How much capital does Y Combinator deploy?

How much capital does Y Combinator deploy?

YCombinator started in 2005, and has been used to launch over 3000 startups, which were collectively valued at over $300 billion as of Jan’21. Some well-known ones include Stripe, Airbnb, Coinbase, Instacart, Doordash, Dropbox and Reddit.

How does YC make money? How much capital do they deploy annually?

I was curious, so thought it would be fun to do a deep-dive.

I should caveat this by saying these are based on publicly-available numbers. We don’t know:

  • the exact number of startups
  • YC’s actual fee structure to LPs (might be different than 2/20)
  • YC Continuity (growth fund). No way to estimate this without proprietary data.

We do believe however that these numbers are ballpark-accurate for YC’s early-stage accelerator.

🙏 Shoutouts to Jonathan Golden (Partner, NEA), James Beshara (Tilt, Airbnb, active angel in 50+) for feedback and comments in putting this together. Give them a follow. If these numbers could be improved in anyway, feel free to write a comment letting me know, and we will update with the wisdom of the crowd.

YC: 2011–2021

For the first few years, YC’s check sizes were ~$20K. Ron Conway, Yuri Milner and others wrote checks upto $125K before YC itself up until 2011–12.

The ~3000 startup total is a ballpark, but we can use that to estimate YC’s first 16 years. For purposes of simplicity, we’ll assume a linear rate of 3000 startups over those 16 years.

This gets us to ~$256 million deployed capital over 16 years.

Assuming YC charges typical 2/20 fund fees to LPs, this would be $5.1m a year ($82m over 16 years) in fees, and 20% carry on the $256m deployed during that period.

By all accounts, 2008–2015 were great vintage years for VC. Funds deployed during that period have seen tremendous returns. We can safely assume that the carry proceeds from this deployed capital were in excess of the management fees charged over this period ($120m+).

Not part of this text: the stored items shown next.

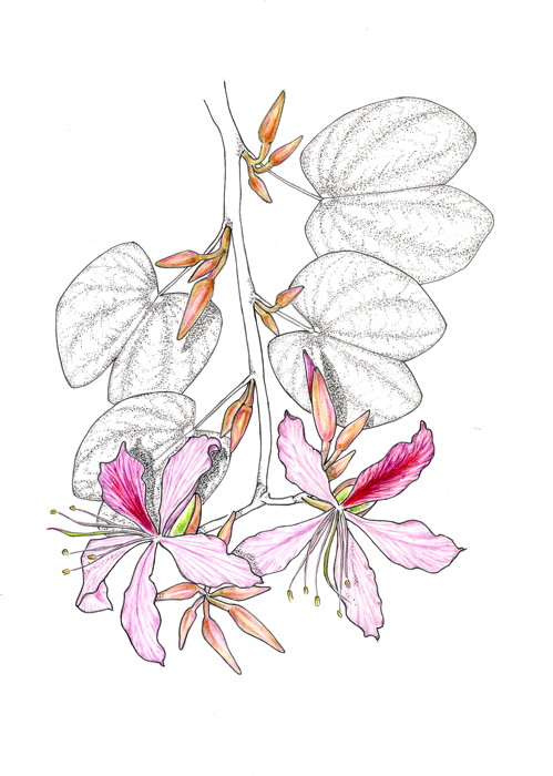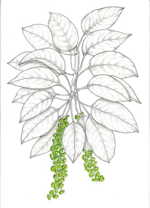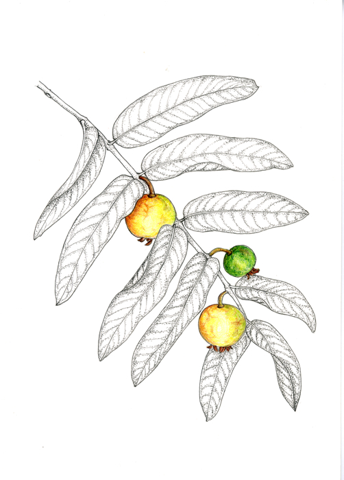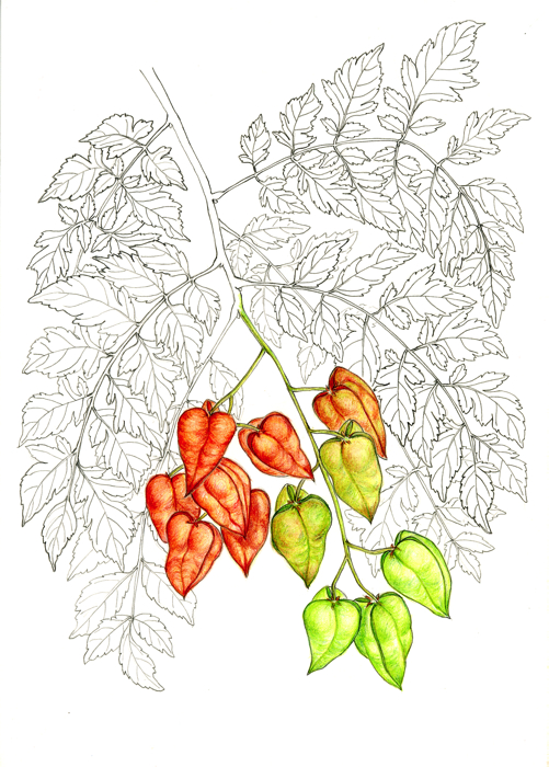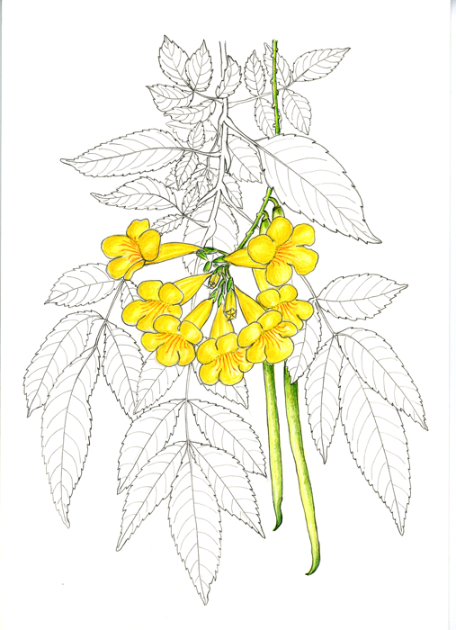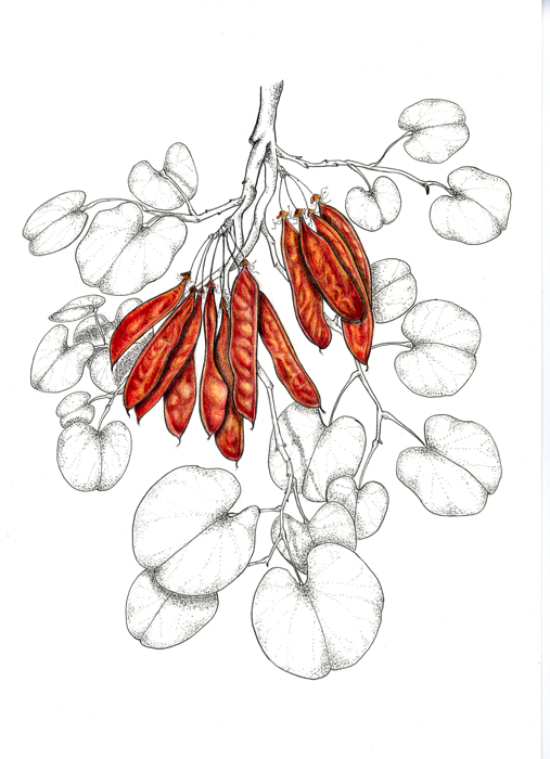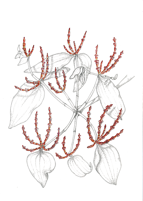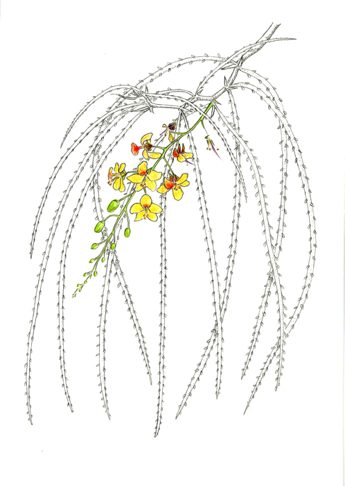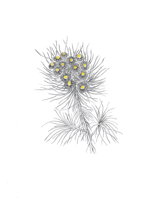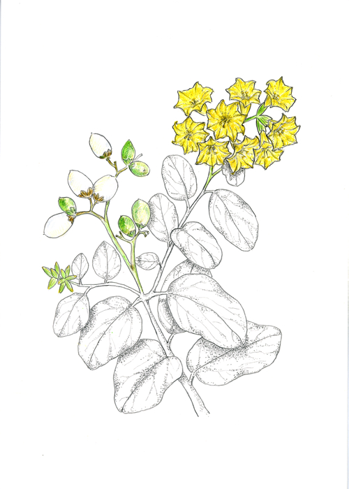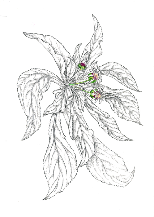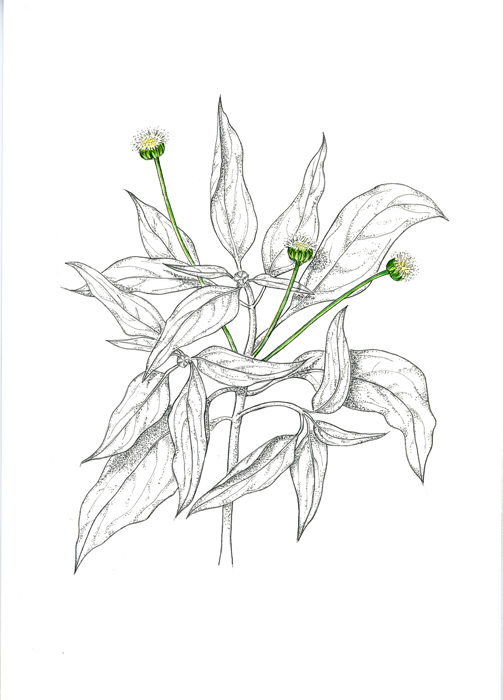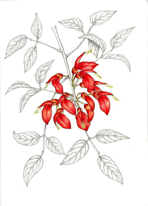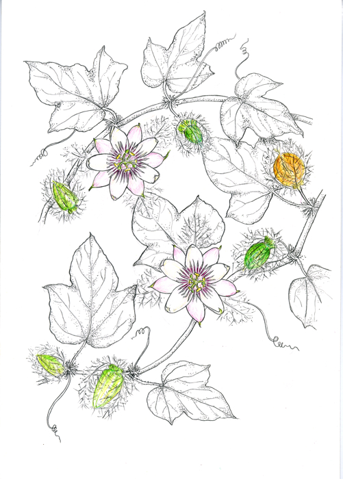 Láminas botánicas de especies endémicas, nativas e introducidas de la isla Floreana, la mas pequeña de las habitadas, del archipiélago de Galápagos en Ecuador. 30X21 cm., lápices acuarelables y grafito.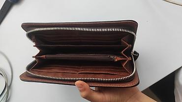 - Внутри: два основных отделения, центральный отсек на молнии для монет, множество карманов для карт по обеим сторонам, дополнительные боковые отделения для купюр/документов.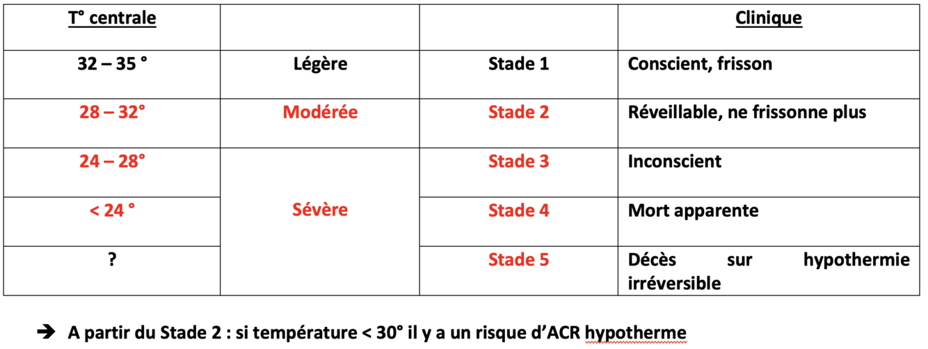 Attention : la détection du pouls est difficile, les signes vitaux sont donc à chercher pendant 60 secondes. La bradycardie et l’hypoTA secondaire à l’hypothermie sont en général bien tolérée (ne pas traiter !). Peser bénéfice-risque de poser une VVP et de faire un remplissage. Intubation indiquée Stade3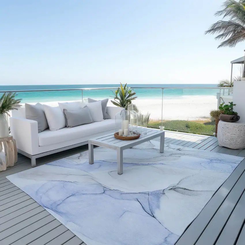 Add great coloration and comfortable texture to your space with this 10-foot x 14-foot ivory blue and gray abstract washable stain resistant non skid indoor outdoor area rug. This rectangle shaped rug features a abstract design in ivory blue and gray to give it visual interest. A classic shape marries with good looking design for your space ideal for spaces with kids and pets, this rug is stain resistant to help repel stains and spilled liquids. Place this area rug against a hardwood or tile floor and it will enliven your living space with style and sophistication. 120-inch H x 168-inch W x 0.19-inch D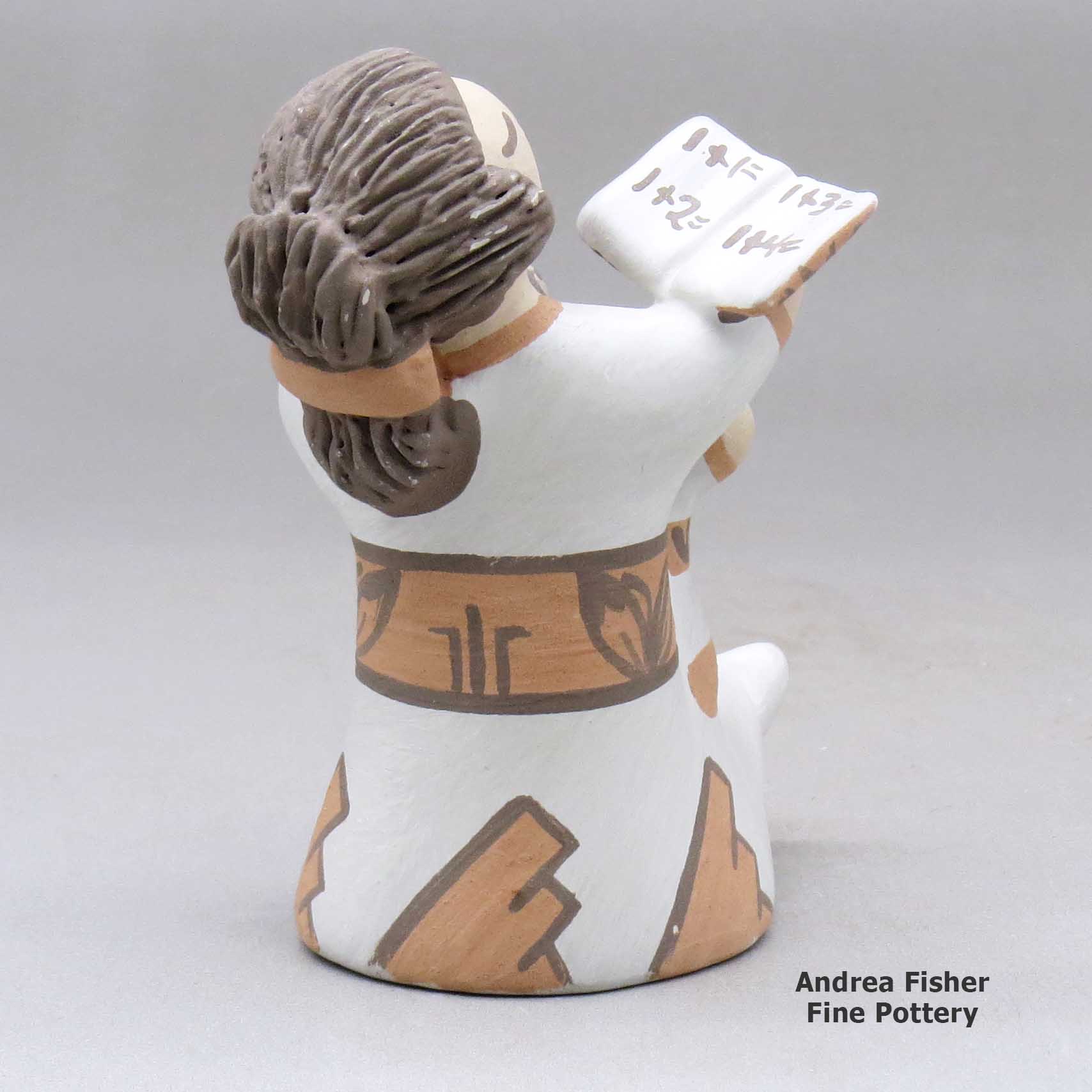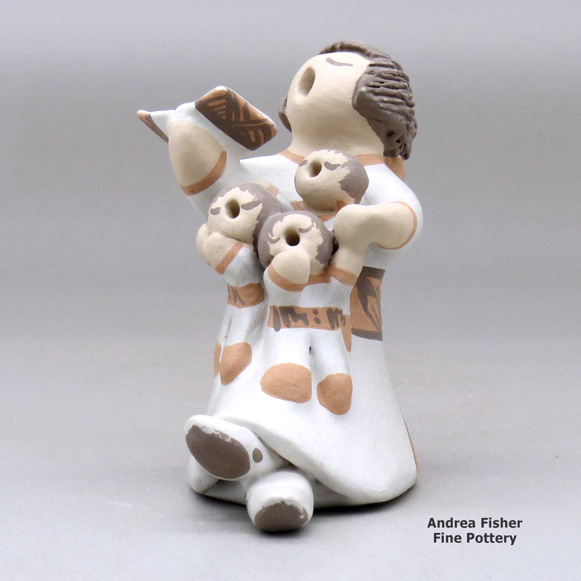 Mona makes primarily Corn Maidens, storytellers, nativities, figures, and turtles. She also makes some polychrome jars and bowls. She is most known for the graceful shapes of her figures, their distinctive poses and their intricately carved features.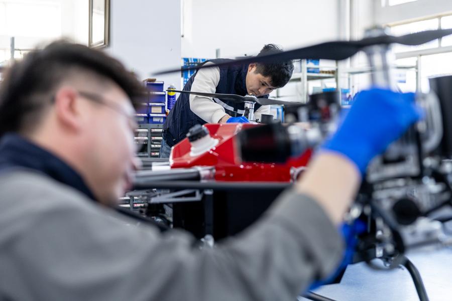 An engineer assembles an unmanned helicopter at a workshop of Faku Zhong Jun Yi UAV Technology Co., Ltd. in Faku County, in Shenyang, northeast China's Liaoning Province, April 25, 2025. (Xinhua/Pan Yulong)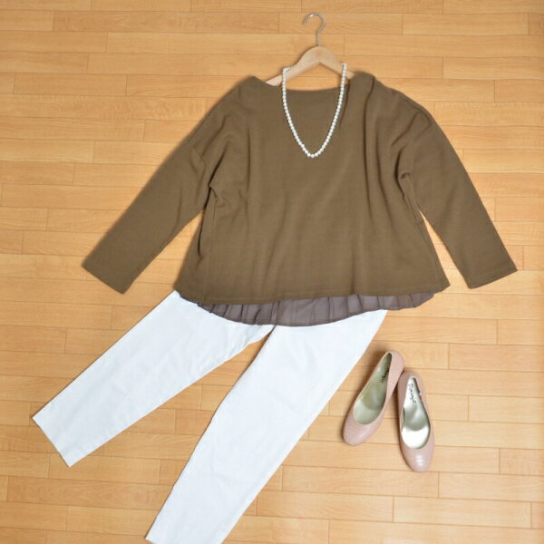 後ろ姿にも気を抜かない プリーツがポイント 異素材カットソー。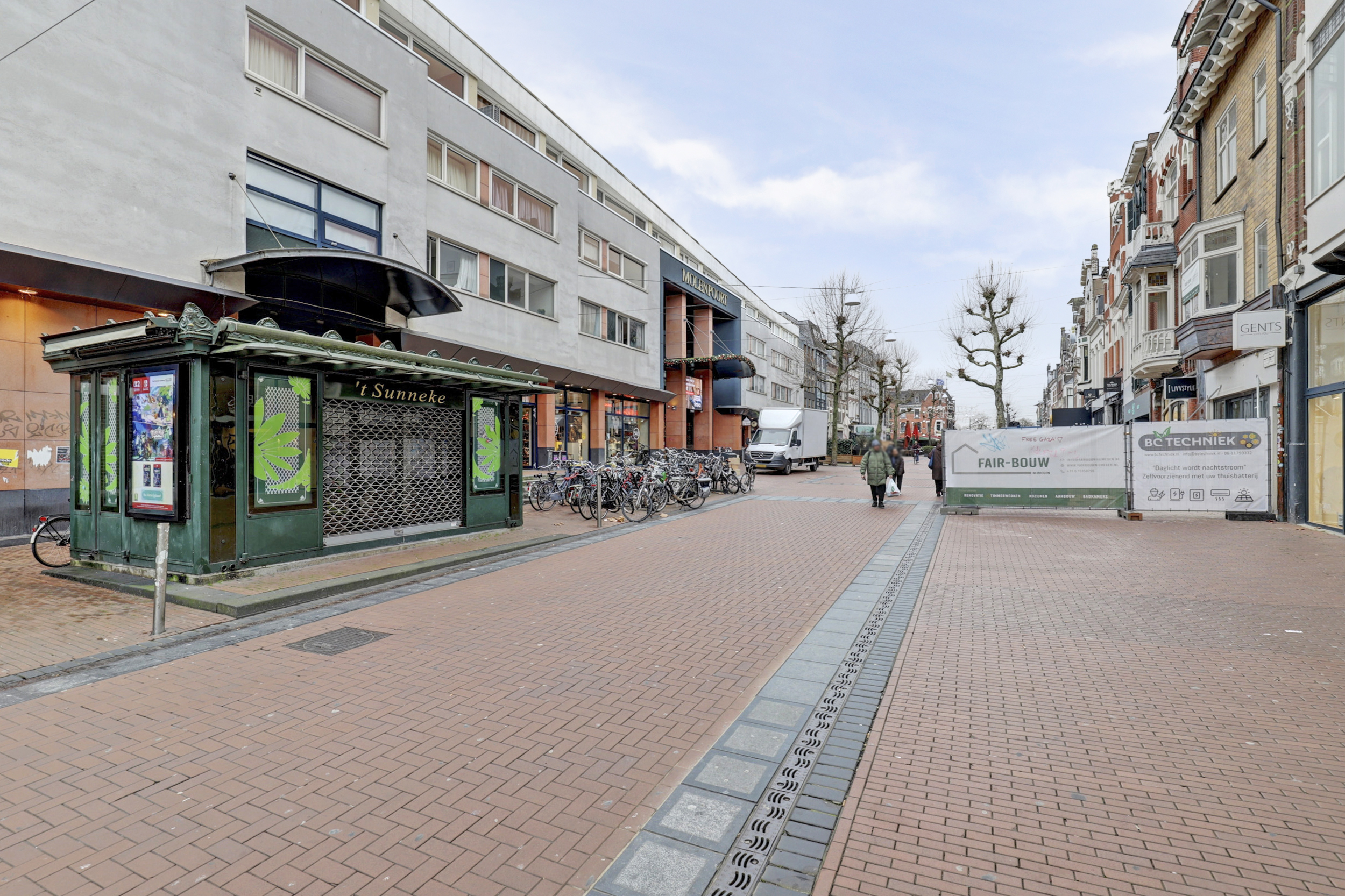 De ligging aan de Molenstraat betekent wonen in het historische en levendige centrum van Nijmegen, met winkels, horeca, openbaar vervoer en universiteit binnen handbereik. Tegelijkertijd biedt de studio zelf een rustige plek met uitzicht over het centrum.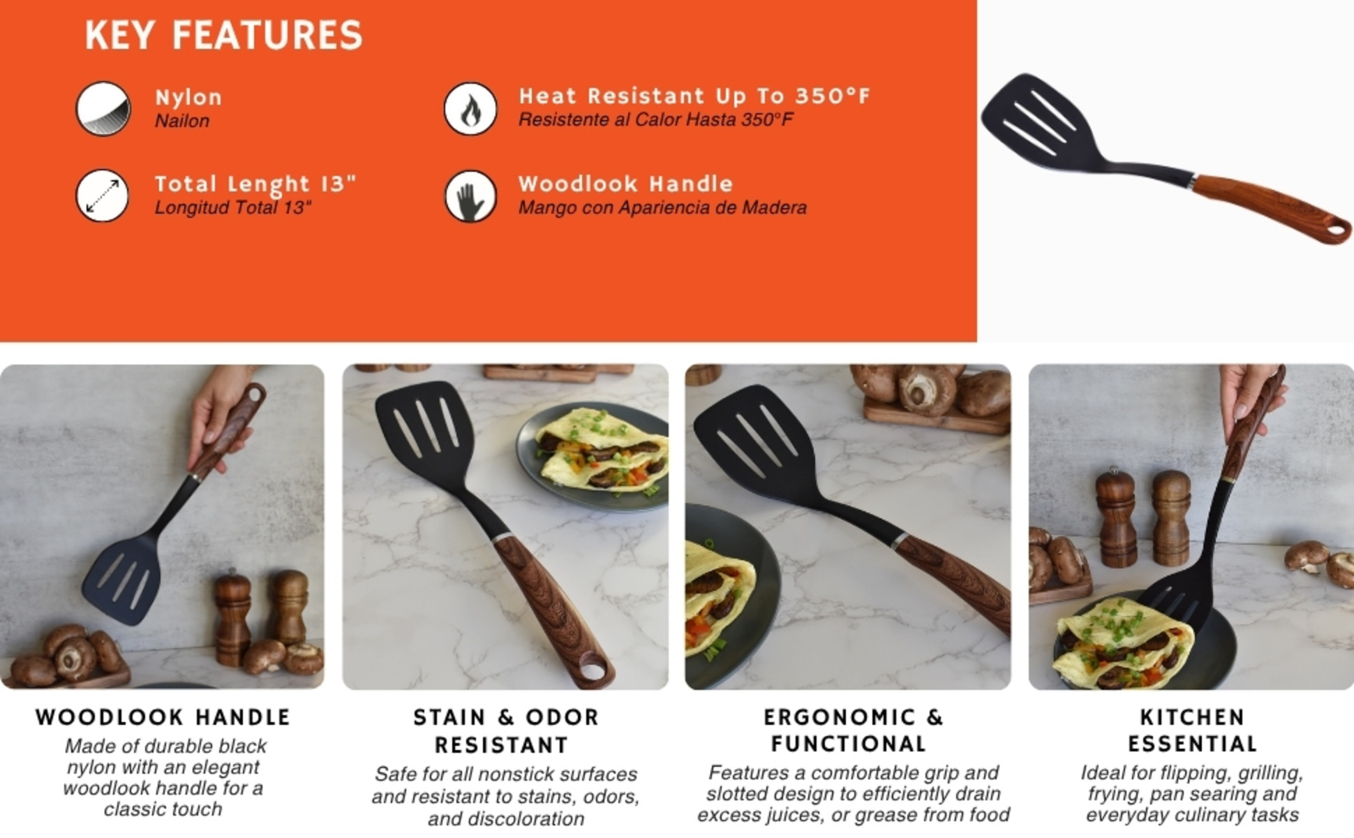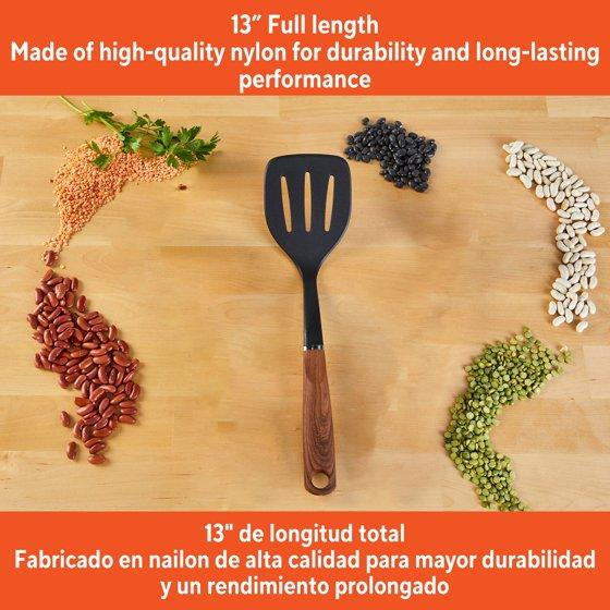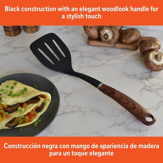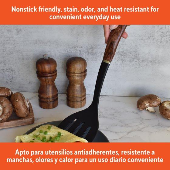 - MADE OF DURABLE NYLON: This black spatula with a wood look handle is lightweight and nonstick friendly, it is stain, odor, and heat resistant, making it a reliable utensil in your kitchen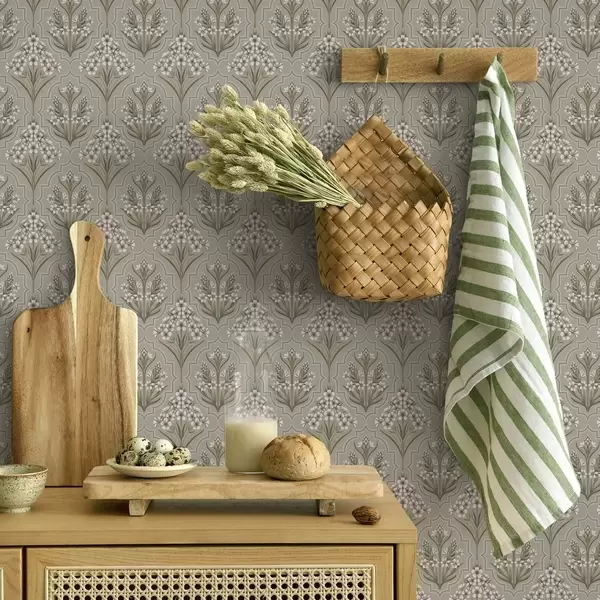 Шпалери Симетричний візерунок з білими квітами на сірому тлі Nr. a00302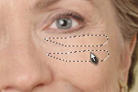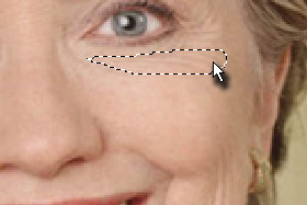 ![]() Z miško klikajte oziroma potegnite po ostalih gubah okoli očesa (glej sliko). |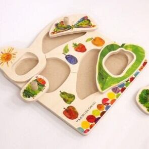 丁寧に作られた木製型はめパズルで、木製の大きめのノブが幼児の手にやさしく触れ合います。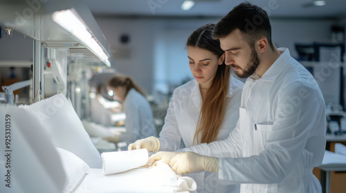 Textile quality assurance team examining fabric samples under bright, precise lighting

Assuming this capital returned in the 3x — 5x DPI range (a top 5% fund, which we’d expect with YC), we can estimate total returns to YC:

Not too shabby at all 🤔

The new YC: 2022 — onwards

In January 2022, YC announced their new deal — $500K for startups, up from $125K previously. This was in response to liquidity flooding the ecosystem, and competitive pressures from early-stage funds and other accelerators.

$125K for 7% just didn’t cut it anymore.

Their new deal still takes a guaranteed 7%, but also adds an extra $375k towards the next round, helping to accelerate a startup’s fundraising process.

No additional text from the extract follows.